What’s more difficult is to predict the implications of that revenue drop over the longer term. Will that revenue come back or is it gone forever? What can we learn from recent changes in our customers’ buying patterns and behaviours that will impact our business model and cost structure moving forward?

These are more involved questions that require a finance leader to create a more collaborative and inquisitive decision-making process.

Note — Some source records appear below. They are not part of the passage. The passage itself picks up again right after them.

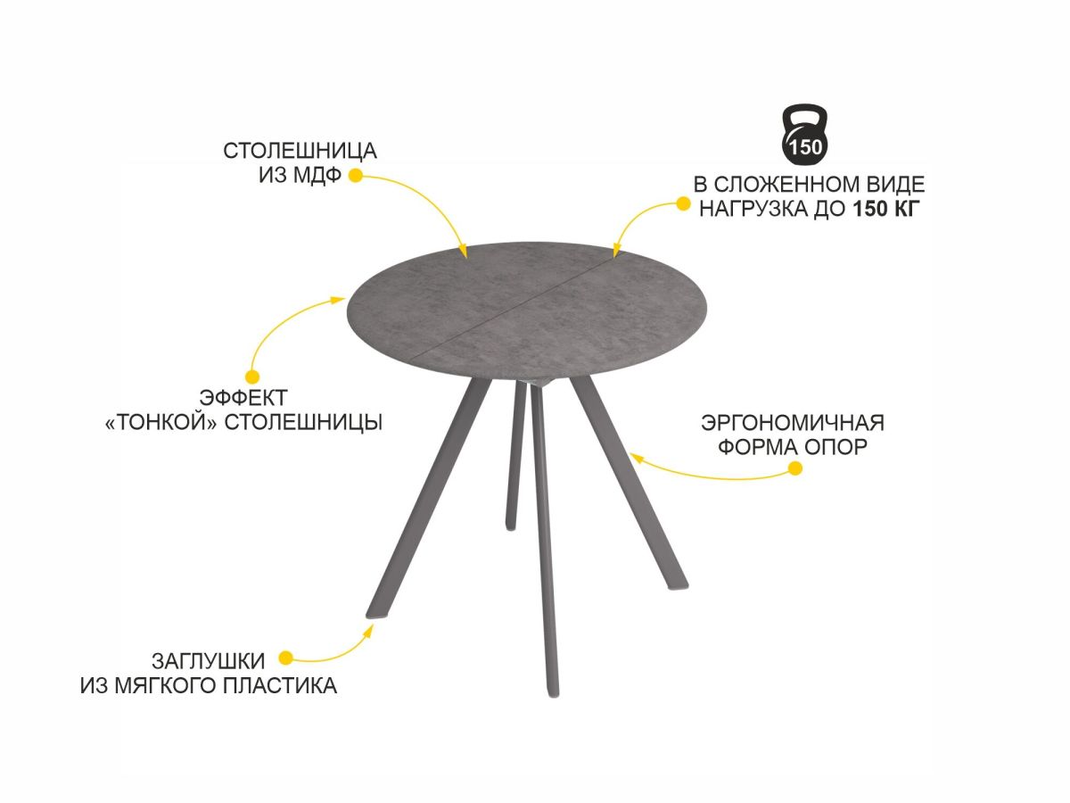 «Орфей 50 Бетон темный» – это стильный и функциональный обеденный стол-трансформер, который благодаря современному дизайну легко впишется в интерьер кухни или гостиной. Стильная цветовая гамма, сочетающая оттенки серого, делает стол идеальным акцентом для интерьеров в стиле лофт и минимализм.
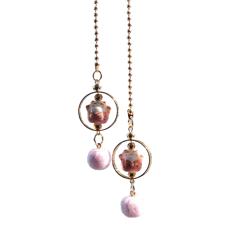 A pair of lucky cats a pair of lucky cats pink hair beckoning cats red and black hair fans with angel wings bell fans with angel wings fringed blue ribbon angel wings bells blue ribbon angel wings fringed beckoning cat in and out flat
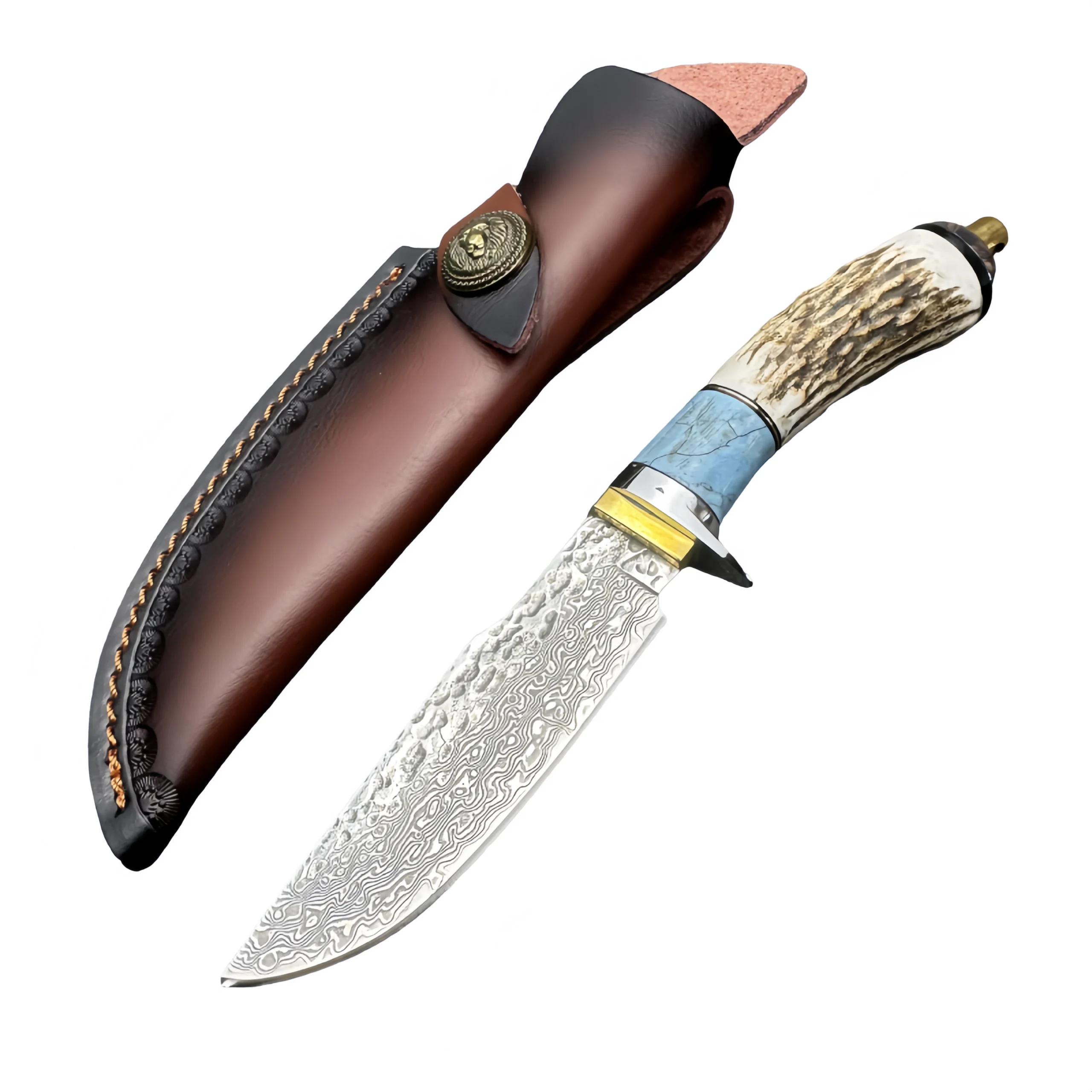 Collection of straight Damascus knife with antler inlaid brass handle and cowhide sheath

At an enterprise level, a leader’s ability to practice self-awareness, remain open and curious, listen, and focus on the future amid these extraordinary obstacles will serve to strengthen the foundation they’ve built. This gives them the leverage they need to pull their organisation and teams out of their immediate and natural fight or flight responses and stand them solidly in a position to create the stability and routine needed to unlock their capacity for long-term perseverance.

However, this only happens when the leader owns the transition on a personal level.